May Day heralds the inauguration of the Celtic summer and the great festival of Beltaine, a celebration of fire, fertility and the sacred communication between mortal and divine.
The dire tides of Samhain have passed and the world is awash in the ecstasy of nature. The stirrings of life heard at Imbolg have matured into the vibrant song of summer inviting all to revel in the sensuous delights of love and procreative mystery as well as pay homage to the proto-Celtic god Belenus.
As with all Celtic festivals, Beltaine stands as a turning point. The wheeling of time is held fast within the feast name. "Belt" refers to white, or the white lunar eye and "Aine" names the primary Celtic solar deity, thus the turning of dark to light, season to season, and with it, the inevitable decline of summer into fall.
A good-natured festival, Beltaine is a season of the open air, love and not necessarily conjugal ties. It is not the unmarried who are pitied, but the unloving. Young and old gather flowers, weave garlands of hawthorn, marigold and rowan and steal into the night on May Eve to engage in lusty "greenwood" marriages.
Unlike the chaotic eeriness of Samhain when divination could spell doom, Beltaine was a time of bettering your luck, of skimming wells and gathering May dew for health. The fairy folk, equally anxious to see the end of winter, travelled unhindered twixt the sidhe mounds and the villages, eager for a bit of mischief and frivolity.
Fairs to fete Beltaine were the first chance of the year for neighbors to greet each other after a long and oftentimes bitter winter. The principal gathering was held at the Hill of Uisneach in County Westmeath.
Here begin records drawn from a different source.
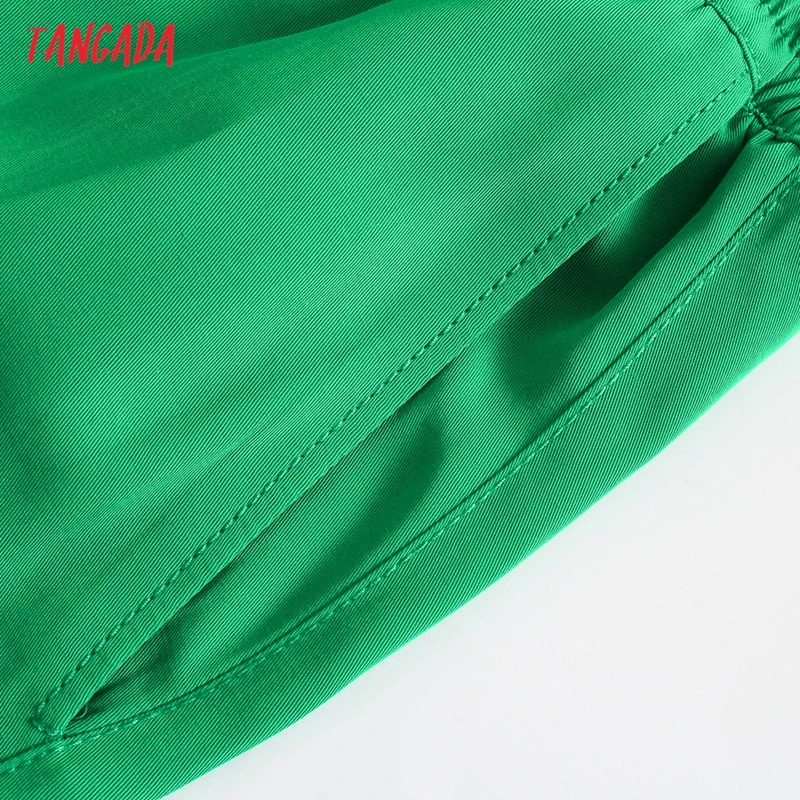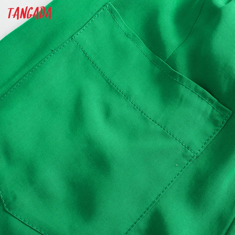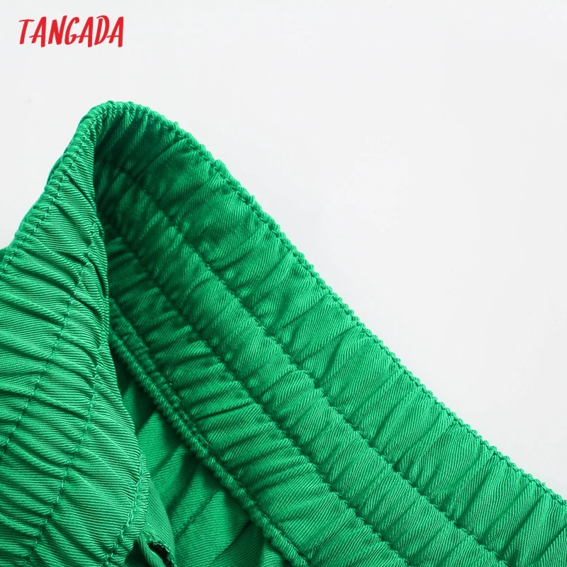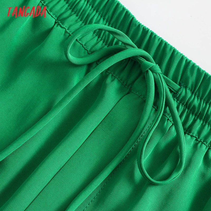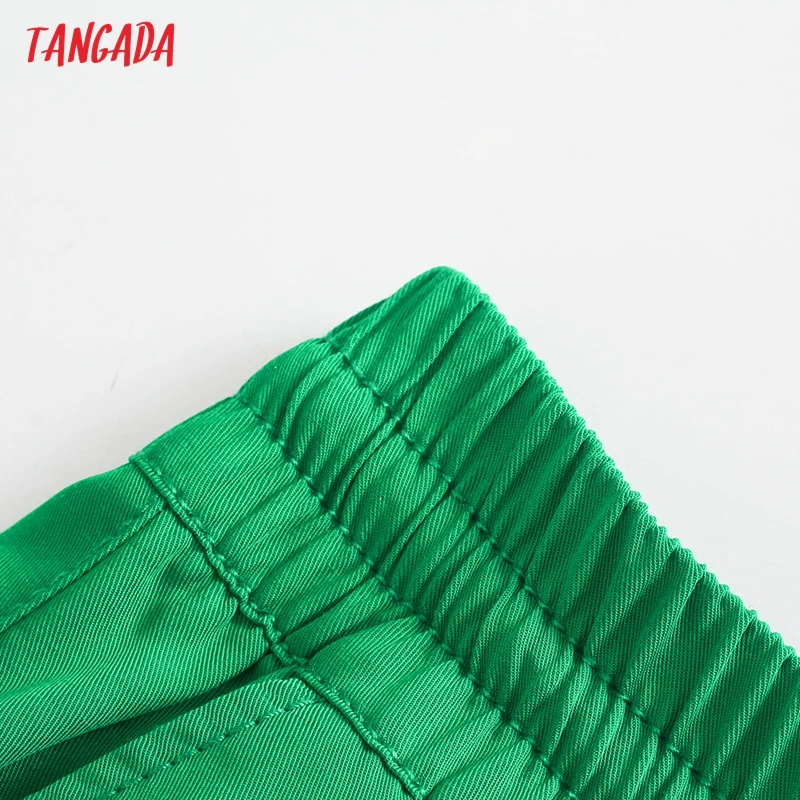 Tangada Fashion Women Green Casual Long Pants Trousers Vintage Style High Street Lady Pants Pantalon 5Z68
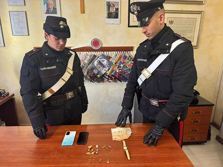 La perquisizione personale ha permesso il ritrovamento di numerosi gioielli in oro, denaro contante e due telefoni cellulari che sono stati sequestrati.
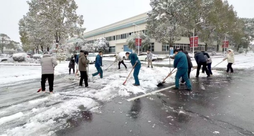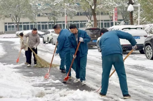寒風中,大家分工明確、配合默契,有的揮鍬破冰、有的揮帚掃雪、有的合力清運,忙碌的身影在皚皚白雪中格外耀眼。撞擊冰層的“砰砰”聲、清掃積雪的“簌簌”聲,交織成冬日里最暖心的旋律。盡管雙手被寒風凍得通紅,臉頰被寒風吹得發麻,但沒有人叫苦叫累,以飽滿的熱情展示萬洲黨員風采。經過近兩個小時的奮戰,園區內各主要路段的積雪被清除,一條干凈通暢的“安全路”“暖心路”赫然呈現,為全體萬洲人的出行筑牢了安全屏障。
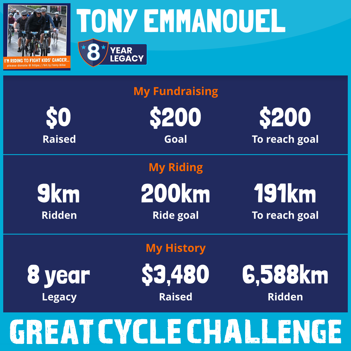 And so I am riding and raising funds to support the Children's Medical Research Institute to continue their work into the prevention, diagnosis, treatment and finding a cure for childhood cancer.
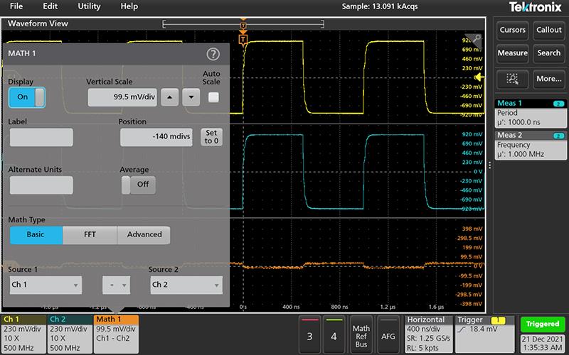 - Add a math, reference, or bus waveform
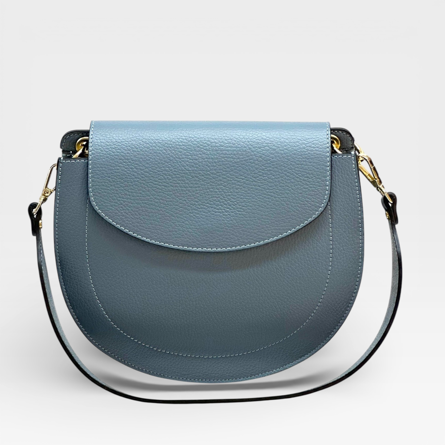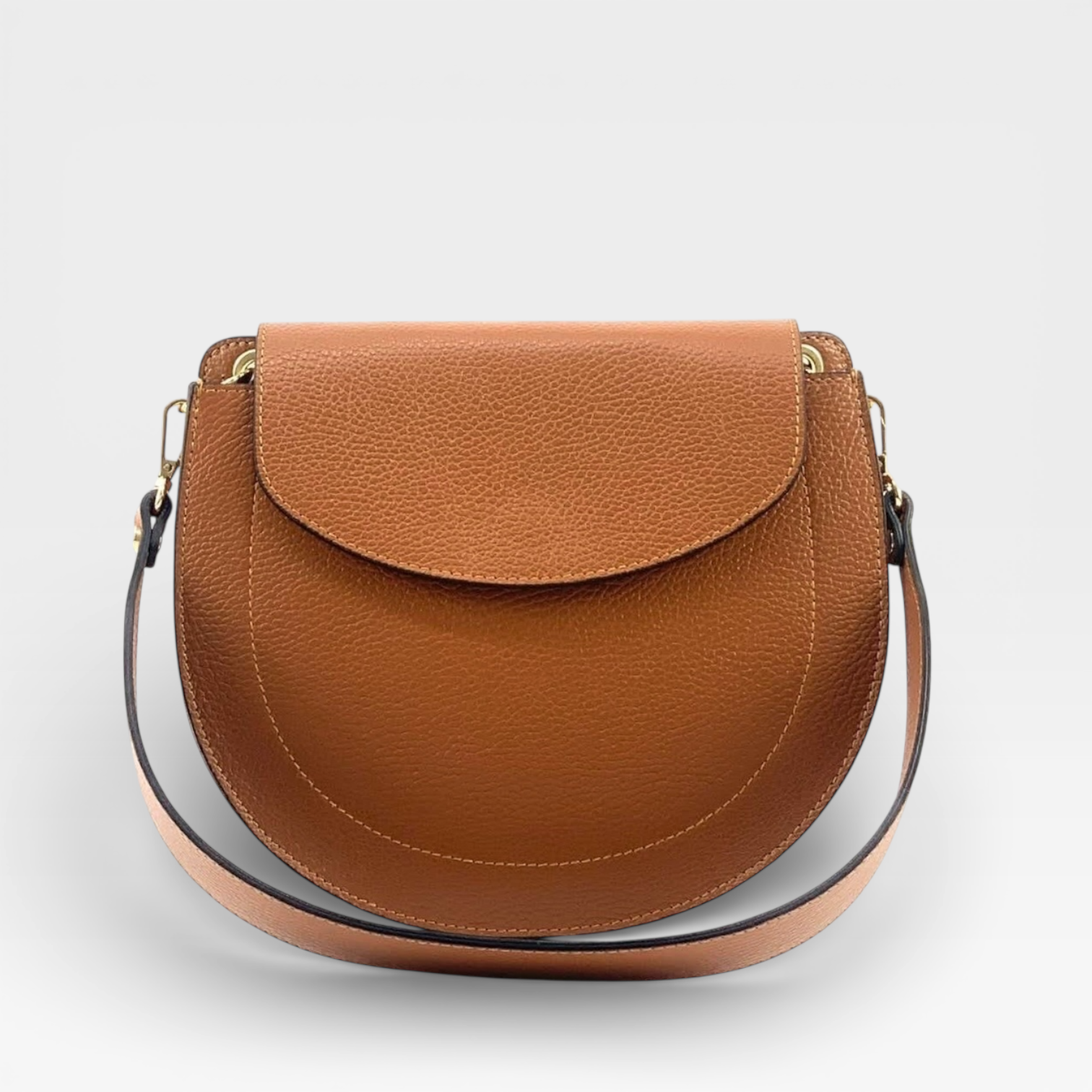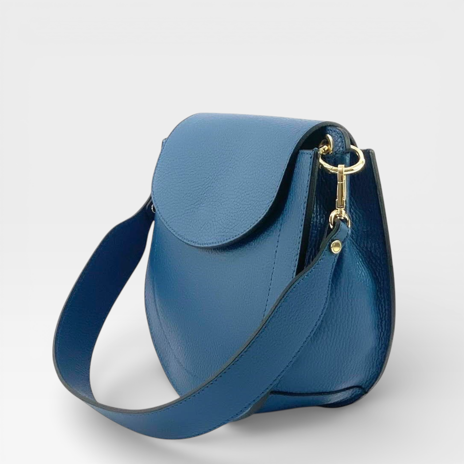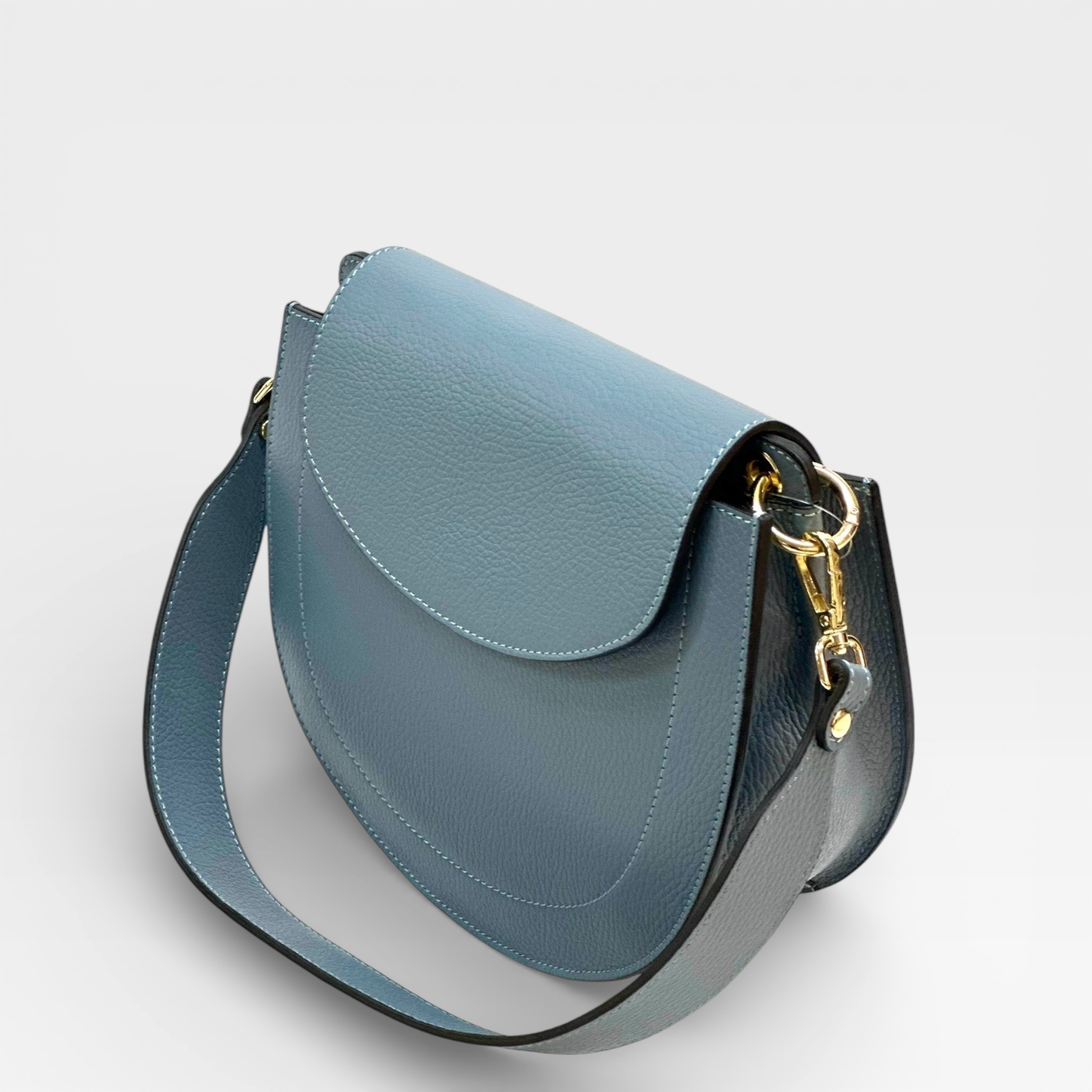Borsa saddle in pelle con tracolla intercambiabile, disponibile in diversi colori. Realizzata artigianalmente in Toscana, è compatta ma capiente, ideale per l’uso quotidiano e perfetta per accompagnarti con stile in ogni momento della giornata.
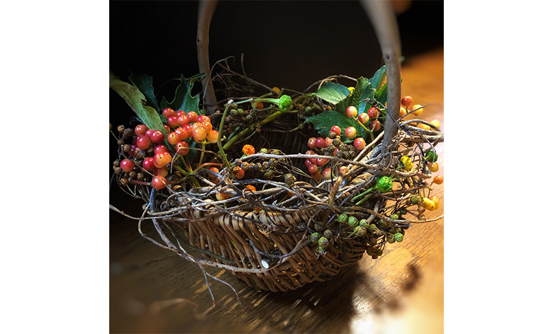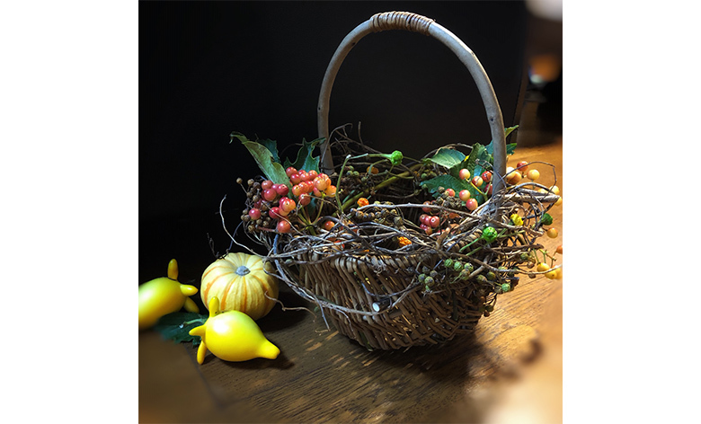 シンプルなカゴをベースに枝もの、つるもの、実ものを使ってカゴごとアレンジ! カゴとして使えるのはもちろん、そのまま飾っても!
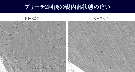 トリートメントKPXなし・ありでブリーチを2回繰り返した髪の内部の写真。KPXなしはダメージホールがたくさんできていますが、KPXありではダメージホールが少なくなっています。
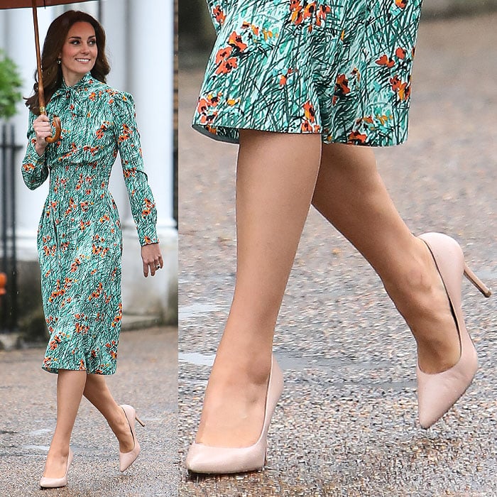 Kate Middleton wearing her favorite nude L.K. Bennett “Fern” pumps during a visit to The Sunken Garden at Kensington Palace in London, England, on August 30, 2017 (Credit: WENN)
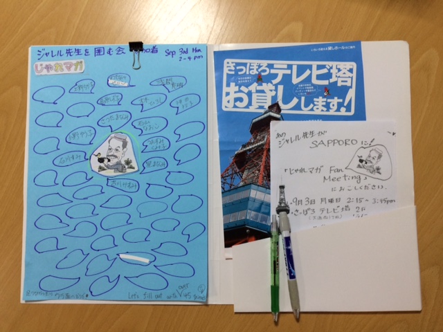 先生、ご紹介ありがとうございました。ジャレル先生から「札幌に行きます」とメールがきたときには本当に驚きました。どこか札幌のシンボルのようなところで、「囲む会」が出来たらいいな、って思いました。皆さんにこのようなメッセージも来ています。沢山お寄せください♪ ’ I would like to find out more about everyone and how you use Jaremaga as a study (or teaching) tool. I’d be happy to hear if you have any new ideas or suggestions for Jaremaga.’
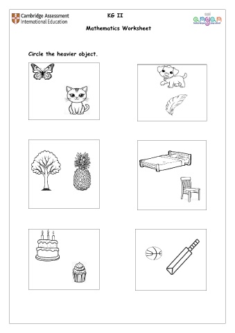 KG II Mathematics Worksheet Circle the heavier object.
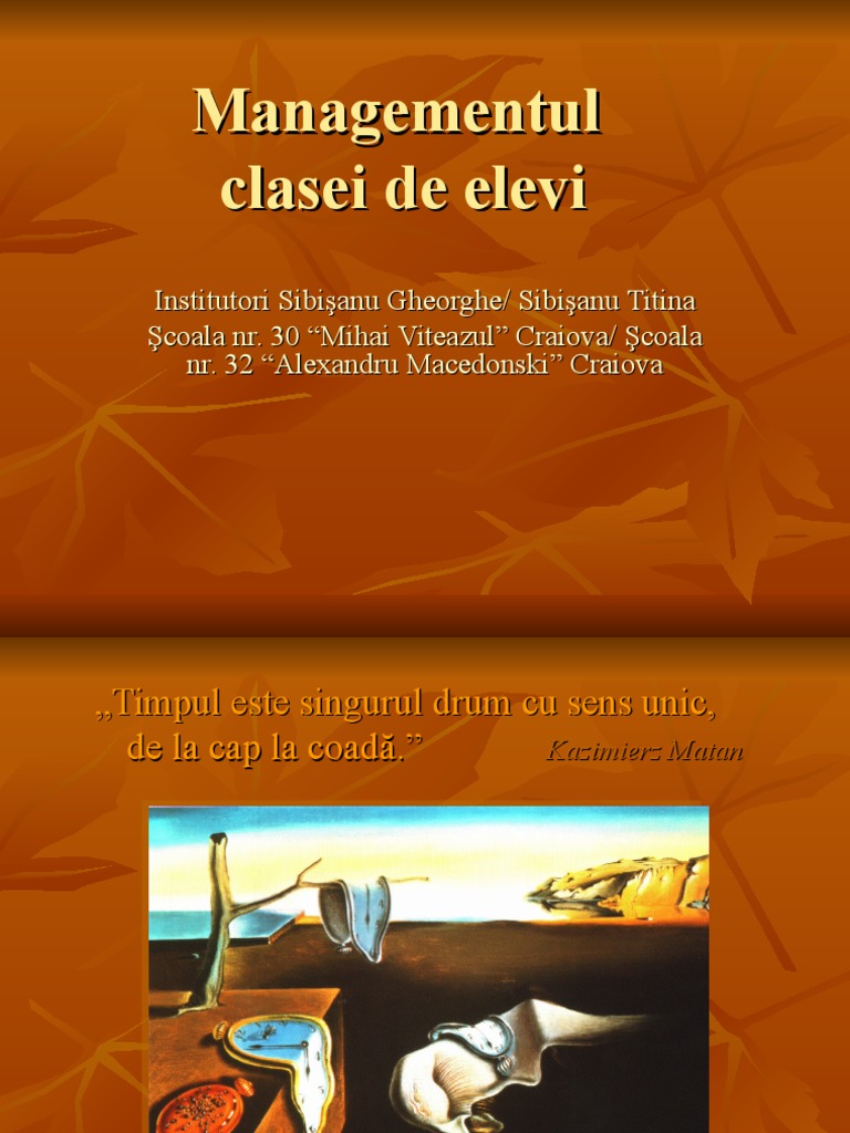 Pagina aceasta este dedicata tuturor acelora pentru care managementul clasei prezinta. Domeniu de cercetare n stiintele. Managementul clasei de elevi i.
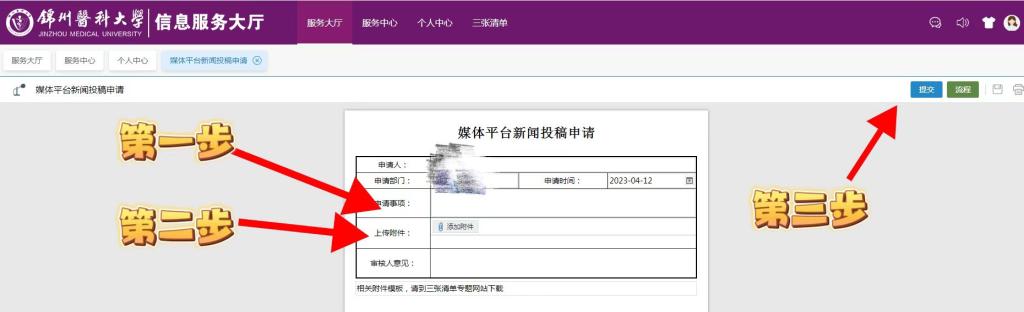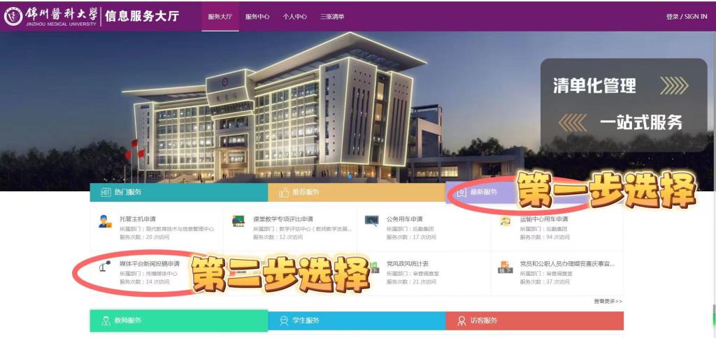 学校信息服务大厅升级启用后,传播媒体中心开通网络投稿平台,为各单位各部门提供网上统一申请、快速办理、及时发布服务,切实规范新闻投稿流程,提高校内新闻的审核发布效率。具体通知如下:
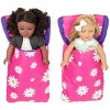 Sleep under the Milky way with our Camping Playtime pack that makes the perfect home base for your next camping trip. The doll-sized tent has lots of fun features like ties to keep the door flaps open, and it is large enough for two dolls to sleep inside comfortably. The cute and cozy matching doll-sized sleeping bags are great to use in the tent or outside to let your doll sleep under the stars Camping out with your doll is so much fun with this set! Camp out with a friend. This 5-piece set comes with a pink tent with tie-back panel doors, two tent poles, and two matching doll sleeping bags. Also included is a color and mail postcard activity allowing your child to share with someone special, the fun they're having while playing with this adorable set from Playtime by Eimmie.* Set designed to fit popular 18-inch doll brands* Engage your child with real imaginative play* Cute pink and white daisy patterned tent and bags* Outfit only- Doll not included with purchase* Hook and loop closure on outfit for easy changes* Inspiring minds with toys that empower imagination
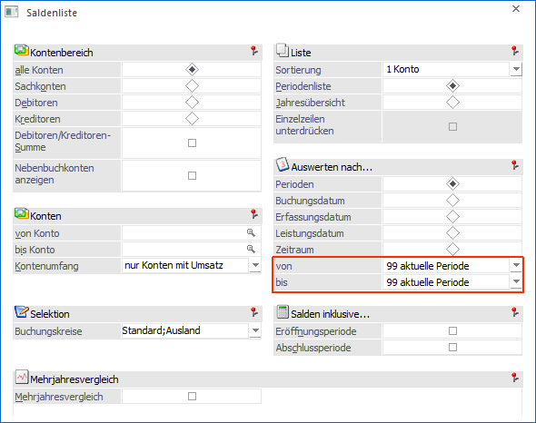 Die Optionen für Eröffnungs- und Abschlussperiode stehen nur bei der Auswertung der Periodenliste zur Verfügung.
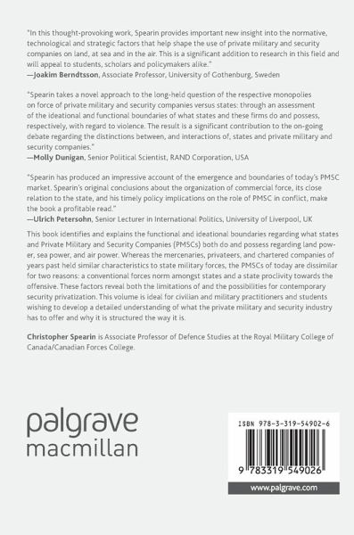 This book identifies and explains the functional and ideational boundaries regarding what states and Private Military and Security Companies (PMSCs) both do and possess regarding land power, sea power, and air power. Whereas the mercenaries, privateers, and chartered companies of years past held similar characteristics to state military forces, the PMSCs of today are dissimilar for two reasons: a conventional forces norm amongst states and a state proclivity towards the offensive. These factors reveal both the limitations of and the possibilities for contemporary security privatization. This volume is ideal for civilian and military practitioners and students wishing to develop a detailed understanding of what the private military and security industry has to offer and why it is structured the way it is.
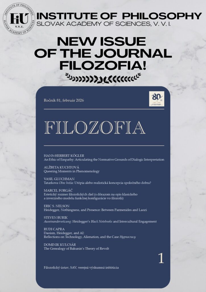 Na webovej stránke časopisu práve vyšlo 1 číslo (február 2026) akademického časopisu Filozofia!
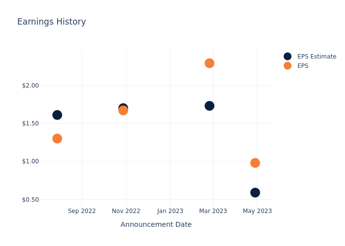 Last quarter the company beat EPS by $0.39, which was followed by a 0.0% drop in the share price the next day.

Uisneach is the area of the "territorially elusive" fifth province of Mide, the mythological Centre or "divine island" of Ireland. Whereas the Hill of Tara was the political centre of the High Kings of Ireland, Uisneach is the royal centre, the home of the goddess Erui and the sacred ground on which humans may engage their gods in the Otherworld.
It is this fifth province which sustains the tension to unite the other four provinces of Ireland, eternally orchestrating the divine cycle of events. Writer Michael Dames refers to "mide" as the "neck" that joins "body with soul," humanity with cosmos.
At twilight on May Eve, stumbling in the half-light, villagers made their way to the summit of Uisneach where two enormous bonfires filled the sky. On neighboring hills and out onto the coasts, ring after ring of double bonfires burned, creating an undulating web of "fire eyes" through which Erui could again see her land and her people.
Upon reaching the summit, wind whipping sparks and smoke heavenward, the visitor would be stunned by the enormity of the bonfire and the lights calling back from the bonfires lit out into the horizon. The elemental fire light together with unbridled energy of the participants created a transcendent space in which communication could pass unimpeded between human and goddess - an exchange of gifts between worlds.
Today a valley road winds by the Hill of Uisneach from Mullingar to Athlone. Unlike most sites of significance in Ireland, there is actually a road sign marking the spot next to a small parking area. The Hill itself is like many in the area, peopled only by sheep and holsteins.
Passing through a stile and walking the path up the side of the hill the visitor can be deceived (especially at twilight) by several false summits which lead from the path. Approaching the actual summit, the wind picks up and although clouds of night are gathering, the view is as panoramic as it was centuries ago.
The remains of an earthen embankment, now the home of gorse and bushes, circle the area of the summit. The bank and ditch are thought of neolithic construction and enclose the bonfire sanctuary of a prehistoric goddess religion. Excavations of the summit area have revealed an enormous layer of ash from the annual bonfire rituals.
On the way to the summit I wondered if Erui had left her home, if the Old Ways were gone. There were no crowds gathered here - at the very centre of the pagan Celtic world, only a few people here and there moving around the darkened hill.
Reaching the sanctuary with my companion, candle in hand, I stood to face the view which in past years would have seen the great bonfire web. With no bonfires to greet us, the horizon was darkening fast. The wind swirled to embrace us and the atmosphere became thick with the collective memories of all those who must once have set foot on this summit at this sacred moment of Beltaine. In an instant an ineffable rapture came upon me, an overwhelming sense of welcome and primal unity with this goddess Erui.
The Old Ways are not gone, they are vibrant and patiently await our summons in the heart-fires of this season. Welcome Beltaine, welcome Erui.